Data quality assessment (DQA) of genome assemblies is a process to statistically evaluate the input data and the assembly results and then determine whether the data and assembly results meet the quality requirements. DQA is an important task for de novo genome assembly and is especially useful today, as massive genome assemblies are in progress or available as drafts. Recent studies on the quality related issues of genome assemblies have focused on two aspects: quality control of sequencing data and quality assessment of assembly results. For the Illumina platform, FastQC [6] provides quality control checks in an HTML report that includes per-base quality, average read quality, GC content, sequence length, duplication levels, and overrepresented sequences. NGS QC Toolkit [7] provides various tools, including quality control, trimming, format conversion, and statistics, for quality check and filtering of high-quality data. QC-chain [8] focuses on quality assessment and trimming of raw reads, as well as identification and filtration of unknown contamination. ClinQC [9] integrates several QC tools for clinical purposes. For quality evaluation/assessment of assembly results, GAGE [10] and GAGE-B [11] provide benchmark datasets along with functions such as those evaluating the correctness of assemblies if the reference genomes are given. QUAST [12] is a quality assessment tool for evaluating and comparing genome assemblies. It provides comprehensive metrics of assembly contiguity, i.e. the length statistics of scaffolds, in HTML reports for de novo assemblies, and supports a GAGE mode if the references are available.

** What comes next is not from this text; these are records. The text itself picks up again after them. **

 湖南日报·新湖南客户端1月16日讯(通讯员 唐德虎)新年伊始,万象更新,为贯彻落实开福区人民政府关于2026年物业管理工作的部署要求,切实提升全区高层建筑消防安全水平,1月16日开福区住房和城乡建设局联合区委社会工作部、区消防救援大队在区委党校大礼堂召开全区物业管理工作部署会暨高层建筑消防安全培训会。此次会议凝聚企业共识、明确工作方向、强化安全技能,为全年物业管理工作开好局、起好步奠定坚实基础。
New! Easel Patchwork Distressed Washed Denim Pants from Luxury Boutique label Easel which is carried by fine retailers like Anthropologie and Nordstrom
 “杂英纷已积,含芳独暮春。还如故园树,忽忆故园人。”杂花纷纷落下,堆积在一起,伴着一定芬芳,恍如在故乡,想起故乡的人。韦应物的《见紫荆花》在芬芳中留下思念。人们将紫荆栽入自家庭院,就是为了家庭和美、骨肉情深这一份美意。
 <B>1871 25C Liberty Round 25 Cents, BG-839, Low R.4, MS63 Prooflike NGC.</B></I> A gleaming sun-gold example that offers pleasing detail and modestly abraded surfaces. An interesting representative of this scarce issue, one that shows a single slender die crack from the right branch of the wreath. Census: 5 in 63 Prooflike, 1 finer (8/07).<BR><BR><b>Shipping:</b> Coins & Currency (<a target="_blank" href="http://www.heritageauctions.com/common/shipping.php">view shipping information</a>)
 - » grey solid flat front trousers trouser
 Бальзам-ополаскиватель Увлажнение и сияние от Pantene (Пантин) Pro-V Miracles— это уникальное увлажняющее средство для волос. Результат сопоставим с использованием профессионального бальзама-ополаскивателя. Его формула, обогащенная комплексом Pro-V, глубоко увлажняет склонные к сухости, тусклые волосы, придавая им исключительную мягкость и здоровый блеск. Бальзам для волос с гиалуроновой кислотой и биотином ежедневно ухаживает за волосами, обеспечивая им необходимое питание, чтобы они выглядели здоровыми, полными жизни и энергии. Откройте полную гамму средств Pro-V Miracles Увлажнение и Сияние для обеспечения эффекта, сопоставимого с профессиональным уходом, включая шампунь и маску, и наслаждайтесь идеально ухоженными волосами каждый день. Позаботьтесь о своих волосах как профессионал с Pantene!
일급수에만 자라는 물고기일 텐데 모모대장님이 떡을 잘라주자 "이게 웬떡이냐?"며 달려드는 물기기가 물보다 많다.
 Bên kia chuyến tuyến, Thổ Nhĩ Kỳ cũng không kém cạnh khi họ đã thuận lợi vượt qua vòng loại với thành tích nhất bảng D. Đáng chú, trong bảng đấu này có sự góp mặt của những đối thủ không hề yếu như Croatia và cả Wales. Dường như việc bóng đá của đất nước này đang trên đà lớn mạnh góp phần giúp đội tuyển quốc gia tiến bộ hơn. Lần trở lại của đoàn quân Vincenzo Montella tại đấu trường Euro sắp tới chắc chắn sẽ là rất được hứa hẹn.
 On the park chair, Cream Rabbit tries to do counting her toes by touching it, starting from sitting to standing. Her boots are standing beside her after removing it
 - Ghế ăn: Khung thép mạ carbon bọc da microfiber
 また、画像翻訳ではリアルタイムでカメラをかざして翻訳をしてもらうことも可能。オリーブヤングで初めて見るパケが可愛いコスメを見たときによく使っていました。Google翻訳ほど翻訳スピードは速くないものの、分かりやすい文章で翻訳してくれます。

The SQUAT tool aims to provide quality assessments for both genome assemblies and their input reads, and helps users to examine the correctness of de novo assemblies via cross-checking both the pre-assembly and post-assembly reports. The pre-assembly module of SQUAT computes quality statistics of sequencing reads and presents the analysis results in a well-designed interactive HTML interface. Meanwhile, we divide reads into three groups, i.e., high-, medium- and poor-quality reads for overall assessment. The classification criteria are based on the MinimalQ measure for read subset selection [13] and a new measure by generalization of MinimalQ described in Methods. The post-assembly module of SQUAT performs read mapping and classifies reads into several groups based on read-to-scaffold relationship; further, it assists users in identifying poorly mapped (PM) reads by including not only unmapped reads, but also reads with high clip ratio or high mismatch ratio via further analyses described in Methods. We present the tables and charts of the aforementioned classification and analyses, integrated with QUAST results, in well-designed HTML interface. In the Results, we have evaluated SQUAT against six datasets. Eel, mushroom, and worm datasets are from de novo genome projects in progress, which are being led by our institute. We also analyzed three bacterial datasets listed in the SPAdes’s GAGE-B report [14, 15]. The results show that SQUAT can successfully differentiate the quality of those datasets, even though we only used one million randomly-sampled reads. In addition, the results can help to explain why some datasets have serious clips and/or mismatches in the reads.

Methods

The SQUAT assessment procedure

The workflow of SQUAT assessment is shown in Fig. 1. The whole process takes sequencing reads and their assembly as input and generates both pre-assembly and post-assembly HTML reports to help users examine their data from different perspectives. To begin with, we randomly sample one million entries of reads from the original dataset for a quick examination. Note that users can change the default sample size of ‘one mega’ or bypass the sampling process, as shown in the manual. The pre-assembly workflow is shown on the left side of Fig. 1. The quality statistics module takes the sampled reads as input and generates tables and distributions in the HTML report for evaluating the base quality and read quality in detail. It also presents a pie chart on top of the report to show the proportions of poor-, medium- and high-quality reads for overall assessments.

Fig. 1
figure 1

SQUAT assessment workflow

The post-assembly workflow, depicted in the middle and right parts of Fig. 1, firstly maps the sampled reads onto the input scaffolds of genome assembly by a local aligner BWA backtrack [16] and an end-to-end aligner BWA MEM [17]. Then, the Analysis module 1) categorizes the reads into seven groups, as shown in Fig. 2 and Table 1 (will be described later in the sub-section Post-assembly analysis), and 2) generates the percentage of poorly-mapped reads by considering not only unmapped reads, but also reads with abnormal densities of substitutions and clips.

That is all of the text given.